Yes, the humble peanut can make a tasty, curry-in-a-hurry, for dipping your soft phulkas into or to pour over fluffy white rice and have with a little aam ka aachar on the side.
Peanut Curry is nutritious because the legume it contains is a good source of protein, that does not affect the glycemic index of your blood adversely, while lowering your cholesterol and providing vitamins and minerals, according to WebMD.
The peanut paste can be stored in the refrigerator or freezer and it comes handy whenever you want to rustle up something quick in the kitchen.
The curry is delicious as it is, but it can be your versatile base for a number of other dishes.
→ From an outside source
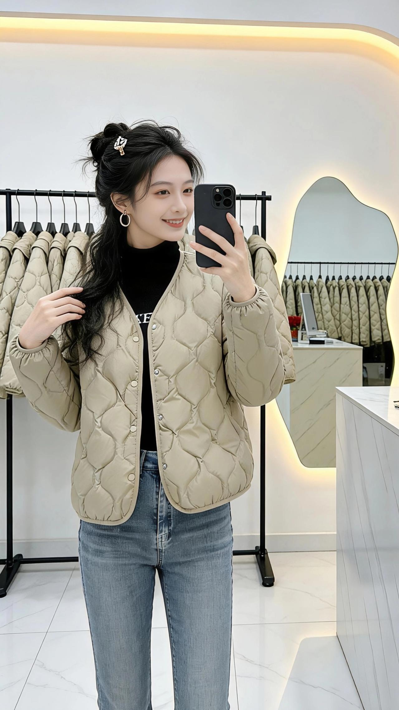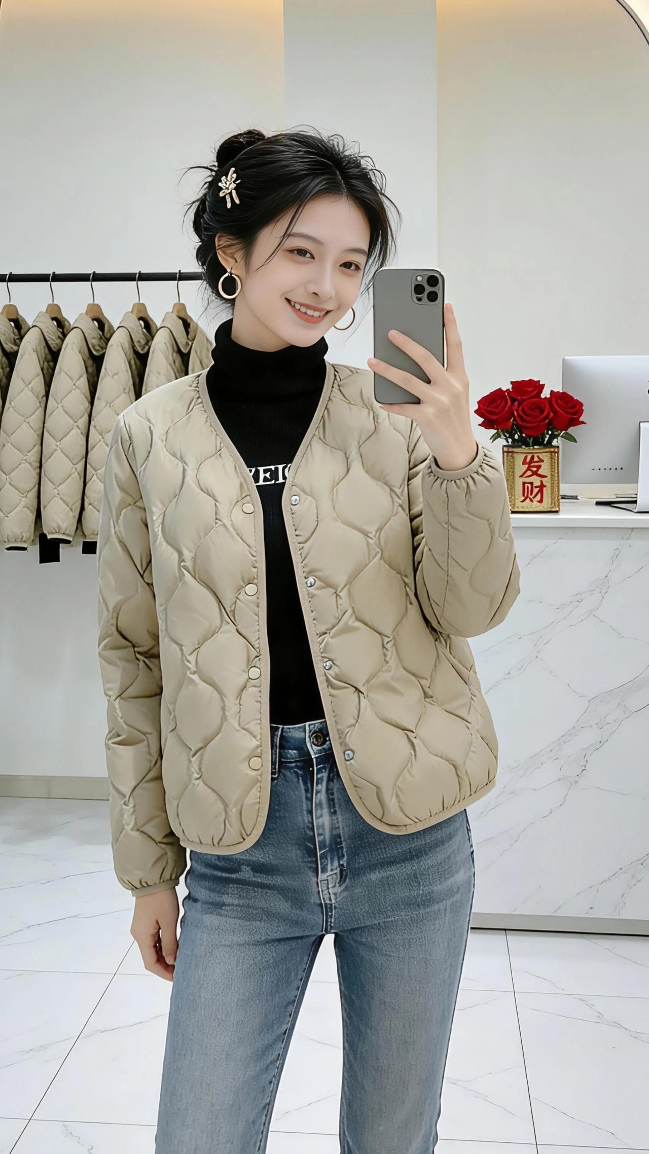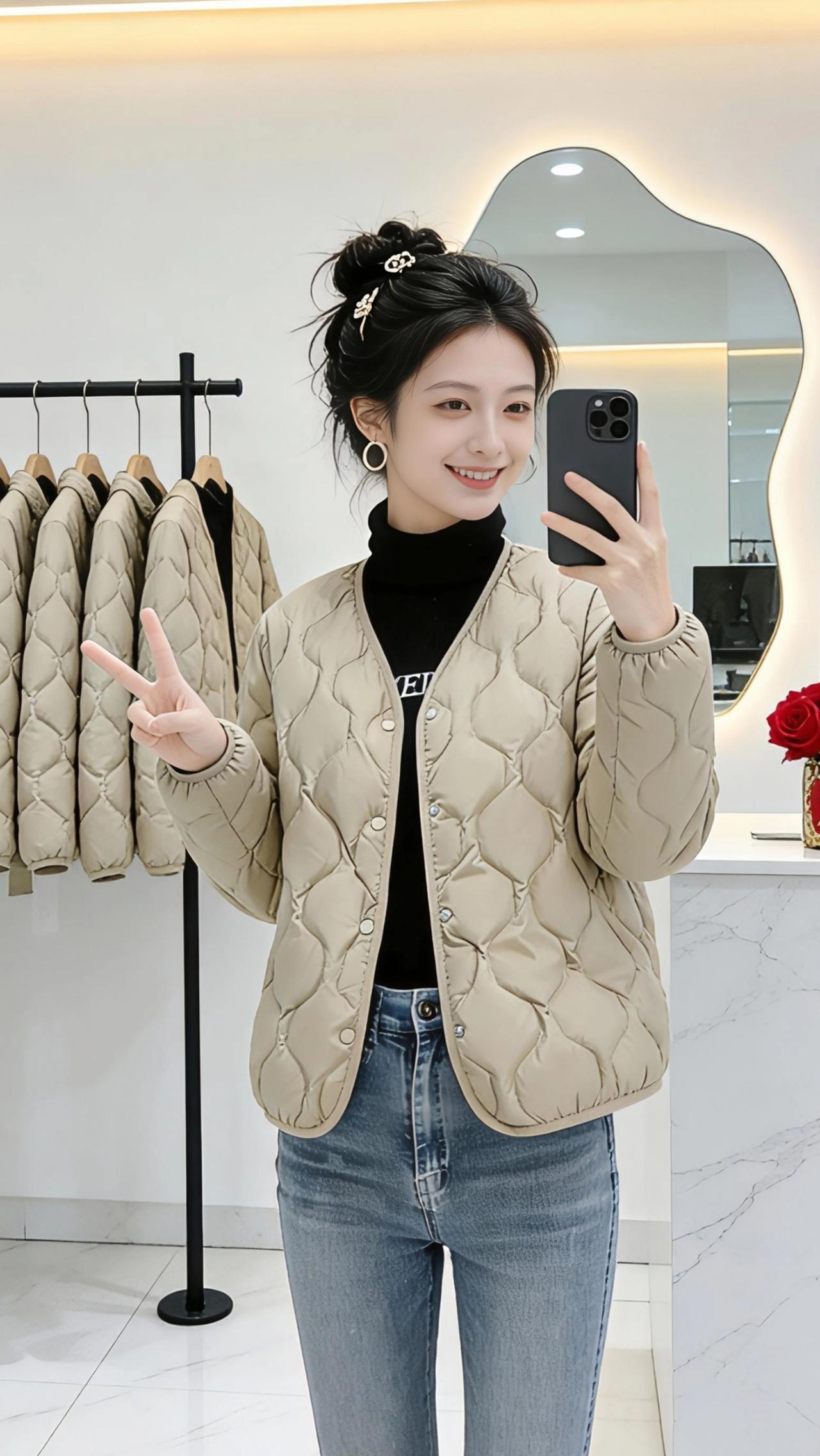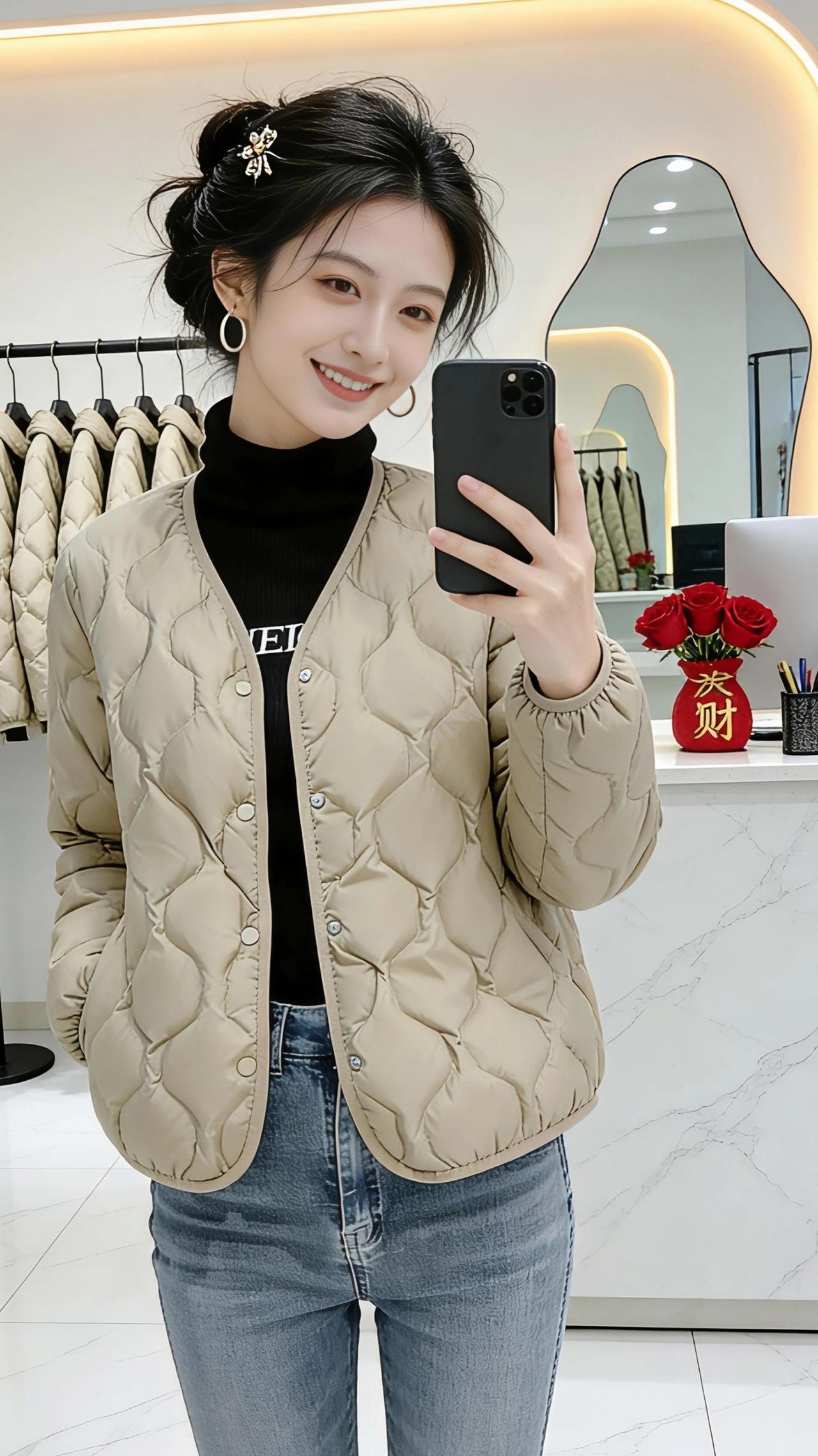镜前的光,是属于自己的温柔。 她站在不规则的镜子前,手机轻举,笑意漫过眼角。浅卡其色的羽绒衣裹着她,像一片被阳光晒软的云,绗缝的纹路是温柔的肌理,每一道都藏着冬日的暖意。黑色高领衫衬得脖颈修长,牛仔裤勾勒出利落的线条,整个人松弛又明亮。 身后的衣架上,同款的浅卡其静静垂落,像一整排未拆封的期待。大理石台面上,红玫瑰与“发财”摆件相映,暖光从镜边漫出,把整个空间烘得柔软又明亮。她时而将手插进衣兜,时而轻撩鬓边碎发,侧身时衣摆轻晃,像风拂过麦田,带着松弛的暖意。 这不是刻意的摆拍,是日常里最动人的片刻——一件暖衣,一面镜子,一个被自己温柔取悦的瞬间。在这个小小的空间里,她把冬日的凛冽,穿成了掌心的温度,把平凡的日子,过成了自带光芒的诗行。 高级感穿搭 新年穿搭 冬季穿搭 小个子穿搭

Just add fried tofu, green peas, or potatoes and you have yet another quick sabji for a comfort meal on a rainy day.
Peanut Curry
Serves 2-3
Ingredients
- 1 cup moongphali or peanuts, skinned and roasted
- 2 tbsp grated fresh coconut
- 1 medium onion, chopped
- 1 medium tomato, chopped
- 3 green chillies
- 1 tsp chilly powder
- ½-inch piece ginger, grated
- 2-3 pods garlic
- 1 sprig curry pattas or curry leaves
- 1 tsp jeera or cumin seeds
- ½ tsp rai or mustard seeds
- 2 lavang or cloves
- 1 tsp sugar
- 1 tsp garam masala
- 2 tbsp ghee or oil
- 1 tbsp chopped dhania or fresh coriander leaves or cilantro
- Water
- Salt to taste, about 1 tsp
Method
- Grind the peanuts, coconut, garlic, ginger, green chillies, with a little water, into a paste in the mixer.
Keep aside. - In a kadhai, heat the ghee, over medium heat and add the cumin seeds, mustard seeds, cloves and let crackle.
Then add the chopped onion and fry till translucent.
Next add the curry leaves and the tomato.
Fry till the chopped tomato turns mushy.
Now pour in the peanut masala paste and mix well.
Add salt and enough water till it is the curry consistency you prefer.
Bring to a boil.
Then add the sugar, garam masala and mix well.
Simmer for another 5 minutes.
Garnish with fresh dhania and serve hot.